Collected data
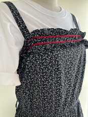 胸には細かなフリル、赤いテープが縫い付けてあり,
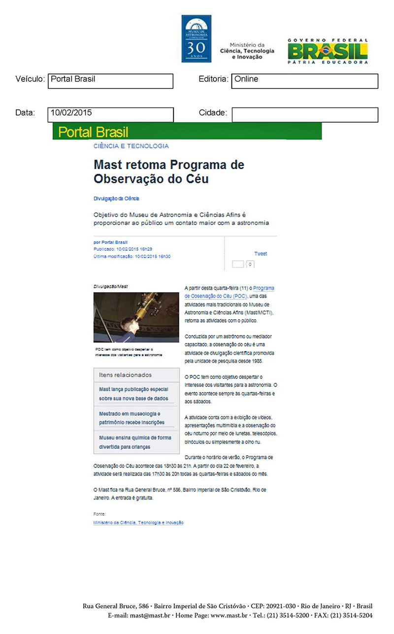 Portal Brasil | MAST retoma Programa de Observação do Céu
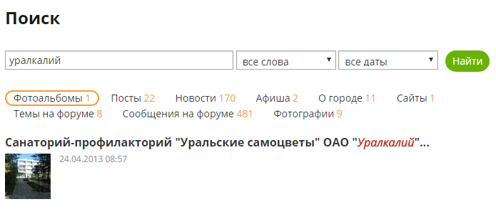 Информация сгруппирована по типам: новости, посты блогов, афиша, сообщения форума и т.п. Нажмите на нужный тип, например, новости, чтобы посмотреть все новости по запросу.
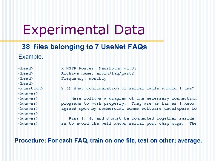 Experimental Data 38 files belonging to 7 Use. Net FAQs Example:
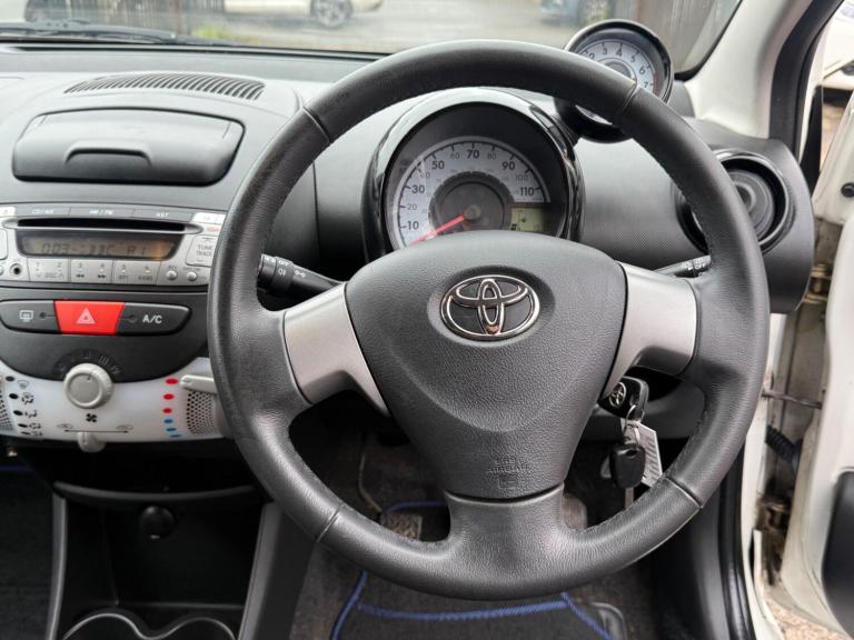 This 2014 Toyota AYGO VVT-i Move boasts a single owner from new, offering a unique provenance for this well maintained vehicle. Powered by an efficient 1.0L petrol engine, this AYGO Move comes with a 12 month MOT provided on purchase and has a documented last service at 101812 miles. Inside, you will find practical features such as Air Conditioning to keep you comfortable and Bluetooth Connectivity for seamless phone integration. A 1 month warranty is also included for your peace of mind.The highlights of this Toyota AYGO Move demonstrate its excellent value. With an impressive fuel economy of 66 mpg, it is designed to be economical for everyday driving. Furthermore, its low insurance group rating means running costs are kept to a minimum, and its low CO2 emissions contribute to a more environmentally friendly performance compared to many other vehicles in its class.

■ ACTION ITEM: Your answer should be the lines from the first record down to the line containing "Experimental Data 38", restated exactly, with no pictures.

■ TASK SOLUTION:
 胸には細かなフリル、赤いテープが縫い付けてあり,
 Portal Brasil | MAST retoma Programa de Observação do Céu
 Информация сгруппирована по типам: новости, посты блогов, афиша, сообщения форума и т.п. Нажмите на нужный тип, например, новости, чтобы посмотреть все новости по запросу.
 Experimental Data 38 files belonging to 7 Use. Net FAQs Example:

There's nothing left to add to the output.